===== DATA SHOWN

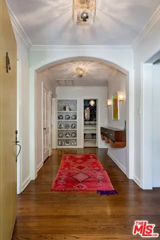 Nestled within one of Beachwood Canyon’s most coveted enclaves, this exquisite bungalow seamlessly blends timeless character with sophisticated designer finishes. A gracious entry welcomes you into a spacious living room with custom built-in bookcases and a classic fireplace, setting an inviting yet refined tone. The thoughtfully designed open floor plan connects the expansive kitchen and dining area, featuring abundant custom storage, a statement Classic refrigerator, stainless steel appliances, and elegant double French doors that open to a charming front deck, perfect for alfresco dining or intimate evening gatherings. The generous primary suite offers a serene sanctuary with a walk-in closet and double-door access to the lush outdoor space. The spa-like hall bath is beautifully appointed with a clawfoot soaking tub, walk-in shower, and marble-topped vanity. A well-proportioned second bedroom is ideal as a guest suite, sophisticated home office, or den, while the designer powder room provides a polished touch for entertaining. Rich hardwood floors flow throughout the residence, complemented by custom window treatments on every window and door. A substantial laundry room adds exceptional functionality and storage, while the attic accessible from the hall closet offers valuable additional space. Outdoors, discover a private backyard retreat featuring expansive, leveled decks designed for effortless entertaining or tranquil evenings under the stars. The garage provides versatile use as 2 car parking, a studio, or executive office and includes its own half bath. Additional highlights include a brand-new roof (December 2025), new HVAC 2024, a rare street-to-street lot, and no rear neighbors delivering remarkable privacy and serenity in one of Los Angeles’ most enchanting neighborhoods.
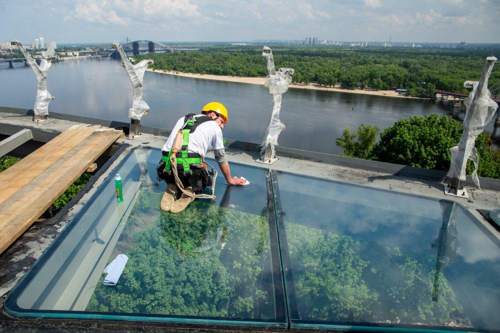 В воскресенье, 19 мая, мэр Киева Виталий Кличко проверил стеклянные панели в полу нового пешеходно-велосипедного моста между парками Крещатый и Владимирская горка на прочность.
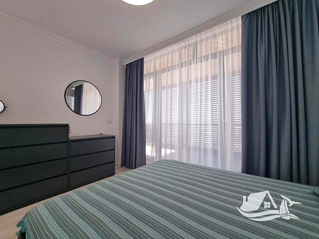Tento prostorný apartmán 2+kk o ploše 78,56 m² se nachází ve 3. podlaží elegantního šestipatrového komplexu v první linii u moře. Interiér je navržen tak, aby nabízel dostatek prostoru i přirozeného světla. Dispozice zahrnuje světlý obývací pokoj s kuchyňským koutem, útulnou ložnici, koupelnu a terasu, z níž se otevírá panoramatický výhled na moře. Každý krok po této terase připomíná, že moře je zde skutečně součástí vašeho života.

==========

Set down word for word, from the line that contains "В воскресенье, 19" to the end of the listing above, every line and no picture.

- [RESULT OF THE EXERCISE]:
 В воскресенье, 19 мая, мэр Киева Виталий Кличко проверил стеклянные панели в полу нового пешеходно-велосипедного моста между парками Крещатый и Владимирская горка на прочность.
Tento prostorný apartmán 2+kk o ploše 78,56 m² se nachází ve 3. podlaží elegantního šestipatrového komplexu v první linii u moře. Interiér je navržen tak, aby nabízel dostatek prostoru i přirozeného světla. Dispozice zahrnuje světlý obývací pokoj s kuchyňským koutem, útulnou ložnici, koupelnu a terasu, z níž se otevírá panoramatický výhled na moře. Každý krok po této terase připomíná, že moře je zde skutečně součástí vašeho života.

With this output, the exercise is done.